My article in Sociology Compass introduces a critical realist model of disability climate justice by synthesizing the relationships between the environmental features that disable, risk perception and information seeking, and adaptive capacity and resilience to climate change. In understanding the vulnerability and adaptive capacity of people with disabilities to climate change, this review synthesizes research on one of the U.S.’s largest minority communities with the goals of better understanding how vulnerable populations cope with climate change and integrating them into climate action and policy. Our teaching and learning guide in the same journal suggests ideas for implementing disability and climate change into the college curriculum. Student Research Assistants have been involved in this project from as co-authors, demonstrating my commitment to a lab model of mentoring the next generation of scholars.

Understanding the Generation of Knowledge: 

Methodological and Learning Research

My scholarship of teaching and learning and methodological work constitute a third branch of my research program, which seeks to understand how knowledge is generated.
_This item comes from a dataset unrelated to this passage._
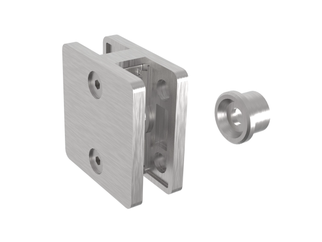 EBN / UCHWYT SZKŁA / MODEL 21 / PRZYŁĄCZ PŁASKI / 45X45 / AISI 316 / SATYNA / DLA SZKŁA 6 – 10,76

Advancing research on social science methodology is a natural extension of my research on knowledge inequality and previous work on reproducibility and transparency.

As a scholar employing large data sets in my research, I have conducted research on the challenges facing reproducible and open social science. Together with Jeremy Freese, I studied how institutions and research infrastructure constrain and enable efforts toward greater transparency in social science. We make numerous research-based recommendations for policy and institutional change at various levels to promote a healthy social science ecosystem. 

I've developed a new imputation method called REDI to empirically estimate continuous values for binned income data. I also published an open-access Stata package that researchers can download to implement the REDI method in their own work.

My scholarship of teaching and learning also explores the production of knowledge in SCU’s teacher-scholar model. An undergraduate collaborator and I studied how sociology faculty work with RAs in primarily undergraduate institutions, resulting in a paper describing the benefits and challenges of RA-faculty relationships and another that looks at the processes that are used to facilitate these faculty-directed research collaborations.